__Directions for this task__: Work through the data below and state how many lines contain "pour", giving that number alone.

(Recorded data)
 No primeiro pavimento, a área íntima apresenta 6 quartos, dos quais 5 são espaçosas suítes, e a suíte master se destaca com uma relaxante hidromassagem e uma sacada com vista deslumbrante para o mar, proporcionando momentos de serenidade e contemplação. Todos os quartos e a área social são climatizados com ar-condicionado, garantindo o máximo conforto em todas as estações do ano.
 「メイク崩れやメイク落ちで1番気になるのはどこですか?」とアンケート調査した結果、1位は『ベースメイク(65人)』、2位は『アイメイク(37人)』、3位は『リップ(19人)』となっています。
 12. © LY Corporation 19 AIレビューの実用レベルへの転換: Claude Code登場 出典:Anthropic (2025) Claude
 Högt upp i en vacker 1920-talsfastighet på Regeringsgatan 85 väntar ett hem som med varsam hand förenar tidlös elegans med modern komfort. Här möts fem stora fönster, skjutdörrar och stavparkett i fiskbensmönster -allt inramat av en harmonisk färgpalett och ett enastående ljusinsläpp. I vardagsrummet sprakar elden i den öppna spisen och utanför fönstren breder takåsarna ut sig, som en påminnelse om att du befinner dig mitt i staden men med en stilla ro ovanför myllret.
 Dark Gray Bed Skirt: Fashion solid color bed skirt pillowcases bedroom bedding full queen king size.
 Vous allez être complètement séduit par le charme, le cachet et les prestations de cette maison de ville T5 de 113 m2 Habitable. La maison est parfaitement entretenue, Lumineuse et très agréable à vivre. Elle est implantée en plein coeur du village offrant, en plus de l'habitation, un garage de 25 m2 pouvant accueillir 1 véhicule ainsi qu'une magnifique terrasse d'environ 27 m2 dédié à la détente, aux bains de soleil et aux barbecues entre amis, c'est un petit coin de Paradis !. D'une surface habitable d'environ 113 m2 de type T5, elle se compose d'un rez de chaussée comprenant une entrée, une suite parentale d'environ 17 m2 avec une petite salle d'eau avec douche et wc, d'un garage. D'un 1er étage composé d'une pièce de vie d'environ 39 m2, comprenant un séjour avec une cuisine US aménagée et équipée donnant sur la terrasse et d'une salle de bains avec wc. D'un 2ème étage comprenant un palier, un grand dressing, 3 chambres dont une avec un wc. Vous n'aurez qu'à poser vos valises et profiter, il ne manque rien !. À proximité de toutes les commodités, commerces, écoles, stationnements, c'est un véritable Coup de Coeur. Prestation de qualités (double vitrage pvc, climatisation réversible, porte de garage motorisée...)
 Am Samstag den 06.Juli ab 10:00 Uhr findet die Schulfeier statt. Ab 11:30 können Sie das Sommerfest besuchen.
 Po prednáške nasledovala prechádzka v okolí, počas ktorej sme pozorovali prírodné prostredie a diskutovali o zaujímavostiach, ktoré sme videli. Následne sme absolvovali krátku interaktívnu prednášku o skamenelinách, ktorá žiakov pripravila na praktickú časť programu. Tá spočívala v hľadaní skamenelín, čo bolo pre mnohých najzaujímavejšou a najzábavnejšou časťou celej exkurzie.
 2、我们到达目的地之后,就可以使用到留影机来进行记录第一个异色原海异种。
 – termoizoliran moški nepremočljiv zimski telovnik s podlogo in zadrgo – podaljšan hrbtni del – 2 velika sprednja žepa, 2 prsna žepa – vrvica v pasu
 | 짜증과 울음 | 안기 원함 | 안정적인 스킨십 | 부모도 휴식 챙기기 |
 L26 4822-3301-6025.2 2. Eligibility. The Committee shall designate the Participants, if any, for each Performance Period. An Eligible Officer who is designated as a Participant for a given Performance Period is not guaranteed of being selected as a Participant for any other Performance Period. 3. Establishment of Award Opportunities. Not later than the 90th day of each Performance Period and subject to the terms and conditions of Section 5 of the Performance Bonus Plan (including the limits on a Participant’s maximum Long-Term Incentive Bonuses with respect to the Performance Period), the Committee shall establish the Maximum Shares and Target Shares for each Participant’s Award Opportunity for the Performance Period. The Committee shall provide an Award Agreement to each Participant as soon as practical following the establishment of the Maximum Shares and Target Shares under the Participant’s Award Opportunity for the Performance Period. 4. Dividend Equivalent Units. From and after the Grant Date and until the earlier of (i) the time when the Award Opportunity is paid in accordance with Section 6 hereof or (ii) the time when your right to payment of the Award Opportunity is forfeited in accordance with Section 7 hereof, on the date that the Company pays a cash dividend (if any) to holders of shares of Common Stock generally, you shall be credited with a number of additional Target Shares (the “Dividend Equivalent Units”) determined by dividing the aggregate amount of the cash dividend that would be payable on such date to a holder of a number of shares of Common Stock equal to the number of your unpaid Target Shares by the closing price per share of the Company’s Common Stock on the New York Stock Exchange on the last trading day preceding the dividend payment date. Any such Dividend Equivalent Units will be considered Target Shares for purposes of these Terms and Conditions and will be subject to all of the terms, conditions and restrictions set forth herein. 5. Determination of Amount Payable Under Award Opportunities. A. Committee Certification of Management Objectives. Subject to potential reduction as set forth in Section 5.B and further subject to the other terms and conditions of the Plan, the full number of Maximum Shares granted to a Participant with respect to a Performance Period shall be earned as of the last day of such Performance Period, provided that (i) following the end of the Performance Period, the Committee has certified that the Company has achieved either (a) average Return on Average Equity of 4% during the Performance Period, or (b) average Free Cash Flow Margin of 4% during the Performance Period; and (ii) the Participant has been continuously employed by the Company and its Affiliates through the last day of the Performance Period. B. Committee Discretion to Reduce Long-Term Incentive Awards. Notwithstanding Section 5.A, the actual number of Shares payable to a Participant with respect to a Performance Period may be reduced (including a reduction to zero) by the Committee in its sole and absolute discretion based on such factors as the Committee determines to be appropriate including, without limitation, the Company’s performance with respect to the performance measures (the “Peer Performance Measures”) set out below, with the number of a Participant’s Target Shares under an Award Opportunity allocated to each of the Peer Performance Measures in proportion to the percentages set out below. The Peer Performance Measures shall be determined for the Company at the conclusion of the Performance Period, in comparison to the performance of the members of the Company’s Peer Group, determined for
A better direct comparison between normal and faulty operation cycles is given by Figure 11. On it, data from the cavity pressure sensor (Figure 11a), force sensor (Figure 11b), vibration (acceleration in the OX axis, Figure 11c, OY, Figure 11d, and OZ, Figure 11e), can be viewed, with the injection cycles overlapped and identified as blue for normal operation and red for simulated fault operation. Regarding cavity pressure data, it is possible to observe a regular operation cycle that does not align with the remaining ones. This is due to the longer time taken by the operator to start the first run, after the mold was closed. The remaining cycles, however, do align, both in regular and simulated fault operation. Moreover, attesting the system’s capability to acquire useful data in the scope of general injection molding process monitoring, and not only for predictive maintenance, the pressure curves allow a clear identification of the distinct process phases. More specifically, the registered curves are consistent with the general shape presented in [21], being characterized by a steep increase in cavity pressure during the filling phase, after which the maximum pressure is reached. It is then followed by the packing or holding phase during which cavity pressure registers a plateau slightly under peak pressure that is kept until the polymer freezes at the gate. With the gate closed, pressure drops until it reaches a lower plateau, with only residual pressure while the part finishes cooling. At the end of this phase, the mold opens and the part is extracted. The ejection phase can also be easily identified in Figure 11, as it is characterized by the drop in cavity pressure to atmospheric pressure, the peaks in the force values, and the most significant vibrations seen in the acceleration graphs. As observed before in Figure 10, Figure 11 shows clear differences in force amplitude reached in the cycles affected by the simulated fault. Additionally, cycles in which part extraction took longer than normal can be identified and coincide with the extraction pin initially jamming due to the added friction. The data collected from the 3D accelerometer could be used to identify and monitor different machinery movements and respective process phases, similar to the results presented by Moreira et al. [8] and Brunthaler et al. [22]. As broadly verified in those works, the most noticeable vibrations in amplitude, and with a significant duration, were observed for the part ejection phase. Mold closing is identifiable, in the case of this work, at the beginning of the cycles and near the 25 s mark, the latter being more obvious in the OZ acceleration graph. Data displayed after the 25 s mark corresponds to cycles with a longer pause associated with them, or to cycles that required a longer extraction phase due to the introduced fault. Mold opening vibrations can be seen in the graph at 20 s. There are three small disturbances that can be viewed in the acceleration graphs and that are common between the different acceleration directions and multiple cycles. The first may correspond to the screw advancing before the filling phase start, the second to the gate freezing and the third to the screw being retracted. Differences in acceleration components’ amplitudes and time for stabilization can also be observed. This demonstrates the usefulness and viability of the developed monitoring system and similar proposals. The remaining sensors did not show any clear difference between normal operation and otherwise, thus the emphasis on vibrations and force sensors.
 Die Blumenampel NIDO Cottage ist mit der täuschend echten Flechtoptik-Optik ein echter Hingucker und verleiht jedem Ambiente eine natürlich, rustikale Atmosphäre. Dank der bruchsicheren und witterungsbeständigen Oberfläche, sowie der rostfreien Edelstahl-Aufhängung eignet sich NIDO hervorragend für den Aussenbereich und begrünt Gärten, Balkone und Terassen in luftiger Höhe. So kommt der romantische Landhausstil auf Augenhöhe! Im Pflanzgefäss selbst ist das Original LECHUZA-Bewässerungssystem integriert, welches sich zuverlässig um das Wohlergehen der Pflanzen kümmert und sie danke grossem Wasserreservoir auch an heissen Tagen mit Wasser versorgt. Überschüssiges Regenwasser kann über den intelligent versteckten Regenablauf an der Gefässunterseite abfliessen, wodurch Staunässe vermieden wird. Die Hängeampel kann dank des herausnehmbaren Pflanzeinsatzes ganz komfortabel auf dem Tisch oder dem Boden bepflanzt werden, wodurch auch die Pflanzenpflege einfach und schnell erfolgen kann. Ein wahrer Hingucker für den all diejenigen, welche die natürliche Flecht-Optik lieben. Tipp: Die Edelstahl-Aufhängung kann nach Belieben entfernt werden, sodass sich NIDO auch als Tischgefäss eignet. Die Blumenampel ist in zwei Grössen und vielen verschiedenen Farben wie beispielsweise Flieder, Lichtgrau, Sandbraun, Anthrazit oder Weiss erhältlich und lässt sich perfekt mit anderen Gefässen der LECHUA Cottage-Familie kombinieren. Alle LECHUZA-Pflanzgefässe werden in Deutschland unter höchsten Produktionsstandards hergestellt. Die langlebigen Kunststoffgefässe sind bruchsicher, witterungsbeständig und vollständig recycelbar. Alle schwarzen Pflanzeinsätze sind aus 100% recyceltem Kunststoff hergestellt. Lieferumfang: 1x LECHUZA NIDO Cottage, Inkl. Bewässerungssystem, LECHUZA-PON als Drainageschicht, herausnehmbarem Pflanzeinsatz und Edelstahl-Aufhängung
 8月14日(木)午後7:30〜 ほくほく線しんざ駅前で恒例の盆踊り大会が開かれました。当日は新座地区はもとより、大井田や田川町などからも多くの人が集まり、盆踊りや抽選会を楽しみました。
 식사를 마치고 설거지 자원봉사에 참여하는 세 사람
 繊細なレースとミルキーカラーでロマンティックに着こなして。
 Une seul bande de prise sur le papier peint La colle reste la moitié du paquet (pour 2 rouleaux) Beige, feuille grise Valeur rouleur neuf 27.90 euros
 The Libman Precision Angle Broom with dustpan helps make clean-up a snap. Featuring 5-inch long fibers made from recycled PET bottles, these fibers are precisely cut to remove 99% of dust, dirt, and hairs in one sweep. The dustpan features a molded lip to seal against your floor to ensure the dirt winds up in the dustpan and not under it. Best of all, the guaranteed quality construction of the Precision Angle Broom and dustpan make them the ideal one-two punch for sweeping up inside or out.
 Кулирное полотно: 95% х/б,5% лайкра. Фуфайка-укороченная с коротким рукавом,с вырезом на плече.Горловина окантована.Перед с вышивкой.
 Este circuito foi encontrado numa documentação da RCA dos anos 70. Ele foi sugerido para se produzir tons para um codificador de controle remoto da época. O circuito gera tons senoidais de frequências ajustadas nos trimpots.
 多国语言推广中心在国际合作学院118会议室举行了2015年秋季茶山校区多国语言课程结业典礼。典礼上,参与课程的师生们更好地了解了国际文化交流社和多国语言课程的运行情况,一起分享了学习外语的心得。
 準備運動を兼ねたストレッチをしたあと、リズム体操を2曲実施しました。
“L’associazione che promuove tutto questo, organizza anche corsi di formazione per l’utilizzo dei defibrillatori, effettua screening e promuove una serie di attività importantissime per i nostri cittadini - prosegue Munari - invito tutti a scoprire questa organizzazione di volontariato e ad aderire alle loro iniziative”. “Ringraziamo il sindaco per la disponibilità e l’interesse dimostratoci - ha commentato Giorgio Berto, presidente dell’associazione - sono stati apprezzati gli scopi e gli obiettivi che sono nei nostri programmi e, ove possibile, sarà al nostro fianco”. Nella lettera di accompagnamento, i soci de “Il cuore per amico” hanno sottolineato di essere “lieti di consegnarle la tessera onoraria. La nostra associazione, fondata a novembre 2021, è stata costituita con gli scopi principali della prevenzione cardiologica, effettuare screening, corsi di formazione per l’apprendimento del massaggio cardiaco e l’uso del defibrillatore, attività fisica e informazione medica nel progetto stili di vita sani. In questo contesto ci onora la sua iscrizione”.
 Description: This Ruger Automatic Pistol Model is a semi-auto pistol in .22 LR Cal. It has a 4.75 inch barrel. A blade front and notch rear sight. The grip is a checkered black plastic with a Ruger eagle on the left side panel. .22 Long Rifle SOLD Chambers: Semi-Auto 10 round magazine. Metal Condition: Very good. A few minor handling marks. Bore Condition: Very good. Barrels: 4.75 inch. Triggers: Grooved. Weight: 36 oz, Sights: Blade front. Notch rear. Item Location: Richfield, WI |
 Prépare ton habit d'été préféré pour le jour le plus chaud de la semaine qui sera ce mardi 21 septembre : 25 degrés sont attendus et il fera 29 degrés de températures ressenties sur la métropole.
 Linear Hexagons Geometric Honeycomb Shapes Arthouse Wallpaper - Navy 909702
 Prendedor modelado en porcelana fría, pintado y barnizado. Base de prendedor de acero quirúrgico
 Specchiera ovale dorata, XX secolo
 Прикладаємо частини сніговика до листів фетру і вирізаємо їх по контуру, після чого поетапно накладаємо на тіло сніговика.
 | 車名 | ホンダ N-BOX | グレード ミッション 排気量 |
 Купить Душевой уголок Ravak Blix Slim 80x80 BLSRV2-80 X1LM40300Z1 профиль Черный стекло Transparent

__Answer to this exercise__: 2